Sunday, 12 May 2024
blog

Auto Loan Rates & Financing in September 2022 | Bankrate

What To Know First

Before arriving at a dealership, it is wise to first research vehicle financing. Bankrate’s best auto loans are selected based on a lender’s available rates and terms, customer experience and transparency. Lender highlights are outlined below to help you to determine which vehicle financing option is right for you. 

Auto loans are secured loans that help borrowers pay for a new or used car. They are available from dealerships and a variety of lenders, so it is important to shop around to find the best interest rates and terms for your vehicle. 

How to get an auto loan 

Once you find the right auto loan for your situation, follow these steps: 

1. Shop around. It is usually best to compare rates and terms from at least three lenders before moving forward with an auto loan. 

2. Prequalify.

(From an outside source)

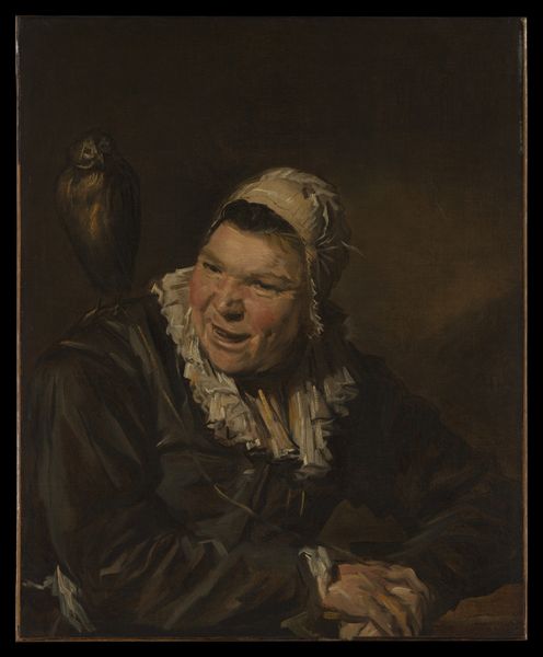 Editor: This is Hendrick Bloemaert’s "Old Woman Selling Eggs," painted in 1632 using oil paint. There's something so captivating about the way the light illuminates her wrinkled face. What initially grabs your attention when you look at this piece? Curator: Immediately, I observe the structural interplay between the stark simplicity of the egg and the intricate texture of the old woman's skin and clothing. Note how Bloemaert uses contrasting light and shadow to define form, creating a tangible sense of volume. Consider also the semiotic weight of the egg itself: a symbol of potential, fragility, and sustenance. Editor: It’s interesting how the ordinary is elevated through such careful composition. The way she’s examining that egg, it seems to say more than just an appraisal of merchandise. Do you see a narrative here? Curator: Perhaps. But a Formalist reading prioritizes the inherent visual language. Observe the pyramidal structure—the head and hand with the egg form the apex, grounding the gaze. Also consider the limited palette; earth tones lend a solemn, almost contemplative mood. The artist's intent, narratively speaking, is secondary to how form creates meaning. Are you not drawn to the texture of the fabrics in contrast to the smoothness of the egg? Editor: I do see what you mean about the textural contrast now. It is compelling how such simple elements come together. It also makes me appreciate the attention to detail despite the ordinary subject matter. Curator: Exactly. We see how through skillful manipulation of form and material, Bloemaert has created something significant from the commonplace. Editor: I think I will start paying a lot more attention to the construction of a painting instead of jumping straight to the narrative! Thanks!

Prequalifying with lenders lets you see your potential rates without a hard credit check. 

3. Complete your application. To complete your application, you will likely need details about your car, including the purchase agreement, registration and title. You will also need documentation like proof of income and insurance, proof of residence and a driver’s license. 

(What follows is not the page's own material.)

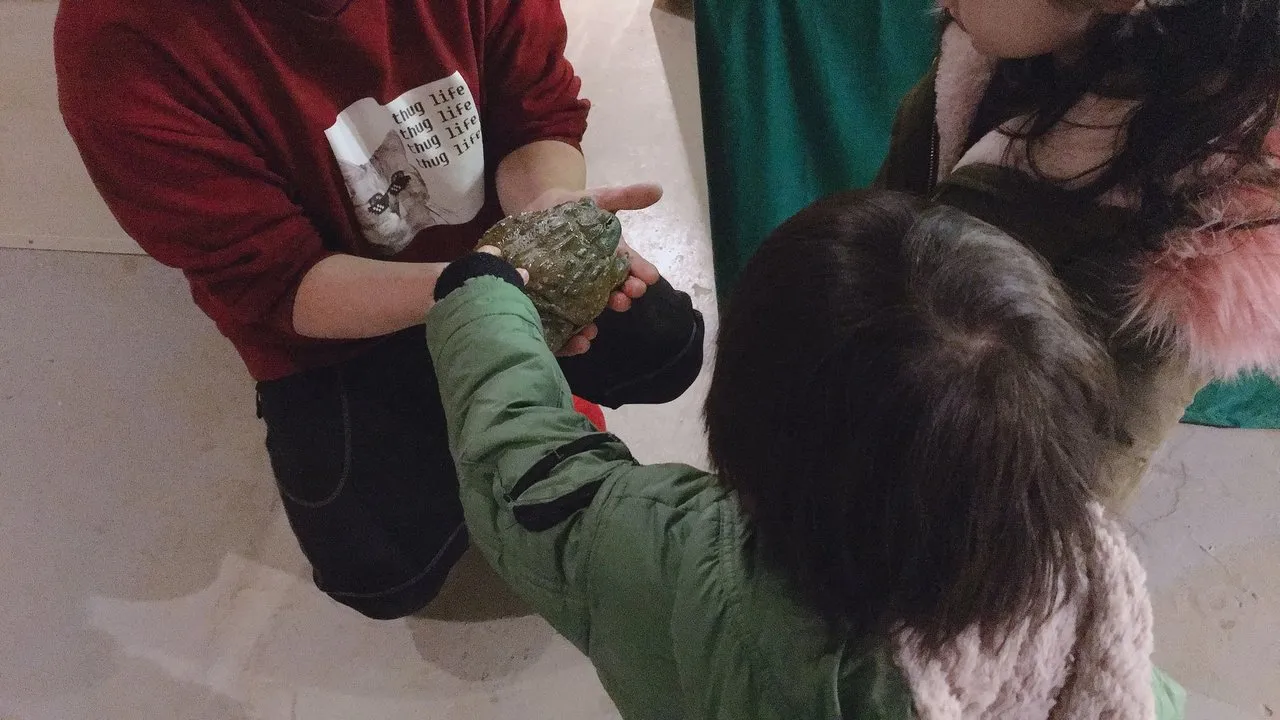 그 외에도 귀여운 친구들이 많이 있어요. 한때 토종 생물의 씨를 말린다며 생태계 교란종으로 현상금까지 걸렸으나 가물치, 메기 등의 역습으로 모습을 감추신 황소개구리님, 알록달록한 배를 만지고 눈에 비비면 실명한다는 얘기가 있는 무당개구리, 그리고 특이하게 곤충도 있었는데요. 힘이 센 장수풍뎅이와 사슴벌레, 그리고 애벌레들도 있었어요~^^

4. Make payments. Your payment schedule will start as soon as you receive your auto loan. If needed, set up a calendar reminder or automatic payments to keep you on track with your monthly bill and avoid late payments.  

How to choose the best auto loan lender 

Choosing the right lender comes down to financing a vehicle you can afford. It is recommended that you get quotes from at least three lenders outside of a car dealership before deciding which is right for you. Pay special attention to the following factors:   

1. Approval requirements. Every lender has different requirements to receive approval. Lenders will consider aspects like your credit history, income and debt-to-income ratio. Your credit serves as the primary determinant of potential rates. Keep in mind that typically, the worse your credit score is, the less competitive your rates will be. 

2. Annual percentage rate. The APR represents the amount of interest that you will have to pay during the loan. Pay close attention to this number — a higher APR means more interest and thus a larger monthly cost. Also remember to shop the total loan amount, not just the monthly payment. 

3. Loan terms. While a lower monthly payment may seem appealing, pay close attention to available terms, and consider how the lifetime of your loan will impact your overall cost. A longer loan term will lower your monthly cost, but you will pay more interest. Conversely, a shorter loan term means a higher monthly cost but a lower cost over the life of the loan.